The fan demand was so great, in fact, that the Academy released additional tickets a few months ago, with some VIP packages starting at $600. At present, upper-level, obstructed-view tickets for the event are selling for upwards of $100 on StubHub and other third-party sellers. There is clearly a strong demand for mainstream country in Dallas, even from people who also consider themselves Texas country fans. There's typically a clear line between the two, but that doesn't mean they couldn't come together to paint a truly comprehensive picture of the country music landscape.
Texas has always had a rich country-music history, albeit one largely ignored by Nashville, but it's really a no-brainer that the Academy of Country Music Awards would come to Dallas. This city has a perfect storm of money, deep country-music appreciation and the space to make an event like this possible. If recent shows are any indication, Dallas may soon become one of the country's biggest destinations for country music's most exciting events.
The ACM Awards are part of a growing trend that indicates that Dallas is a new hub for country music. Earlier this year, AEG Live introduced the Country Megaticket, which entitles the holder to tickets to a slate of performances at Gexa Energy Pavilion by Lady Antebellum, Florida Georgia Line, Luke Bryan, Darius Rucker and plenty of other big names in the genre. Last year, George Strait's final stop on his "Cowboy Rides Away" tour shattered attendance records and attracted fans from all over the country.
If you count the Winstar World Casino, just an hour's drive from Dallas, you can see just about every major country music artist in the Metroplex every time they're on tour. There are plenty of Dallas and Texas-based bands who would fit in perfectly on these national bills, and the fans would certainly appreciate seeing some familiar faces.

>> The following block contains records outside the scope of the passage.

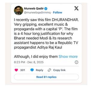 His sentiments were shared by several online voices. Writer Muneeb Qadir described the film on X (formerly Twitter) as “very gripping, excellent music — and propaganda with a capital ‘P’.”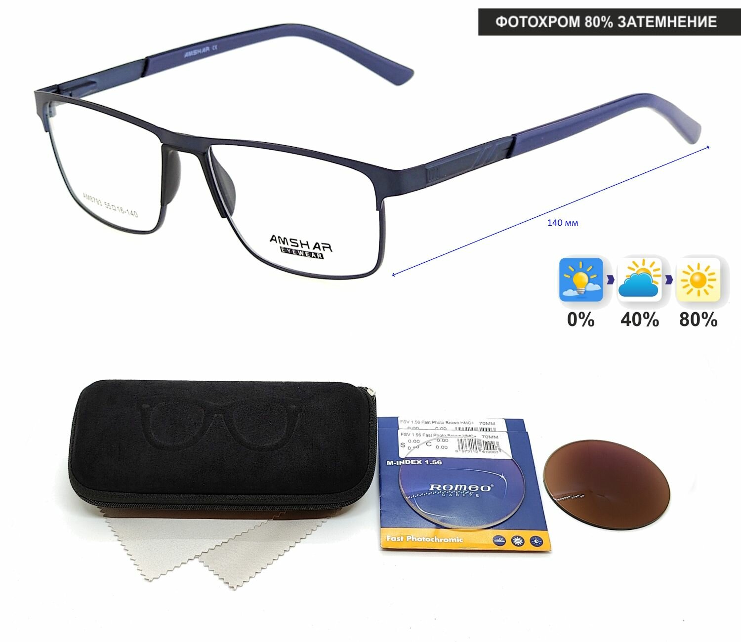 Фотохромные очки с футляром-змейка AMSHAR мод. 8793 Цвет 8 с линзами ROMEO 1.56 FAST Photocolor BROWN, HMC+ +1.00 РЦ 60-62 интересное: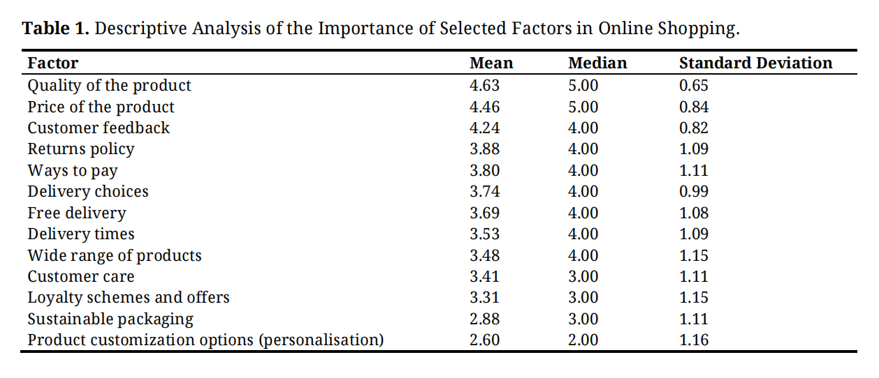 The findings suggest that consumers value most highly product quality, product price, and customer reviews when navigating online purchasing decisions. Factors such as sustainability and personalisation, however, appear to play a negligible role in determining choice. Furthermore, in terms of response variation, the item ‘personalisation’ registered the highest dispersion (highest SD), whereas the data for ‘product quality’ showed minimal variability, indicating strong agreement among the respondent cohort on its essential importance.

Caitlin Rose would fit in nicely on the stage with major-label -- but still relatively unknown -- acts like Cam, and Maddie & Tae. Adding Turnpike Troubadours or Dirty River Boys could make sitting through any of the tight-jeans-wearing Brett Eldridge types worth it.
It doesn't make sense to bring dozens of up-and-coming artists to a state that is practically overflowing with them. Between Dallas-Fort Worth, Houston and Austin, you could put on a solid slate of country artists -- William Clark Green, Madison King, Daphne Willis and Chris King come to mind -- that would demonstrate all of the great music in Texas and help these bands make the case that they deserve national attention. Undoubtedly, some of the tens of thousands of fans that will stream through Arlington this weekend will be from out-of-state. It's also likely that many of these fans are disappointed in the current state of country music, and would appreciate the refreshing authenticity of Texas country. This could have been a rare opportunity for these artists to get their music out to an audience that is practically begging for something better.
Texas and country music, whether it's mainstream or on the fringe, will always be deeply linked, but Nashville has to start paying attention to the artists in this state if we're ever going to get past the bland pop-country sound that has catapulted this genre to the country's most beloved. With the 50th Annual Academy of Country Music Awards, Nashville could have seized the opportunity to mend fences. Instead, they've decided to continue the status quo, which means that Texas artists will continue to toil in the dimly lit honky-tonks, hoping for that ever-rare big break.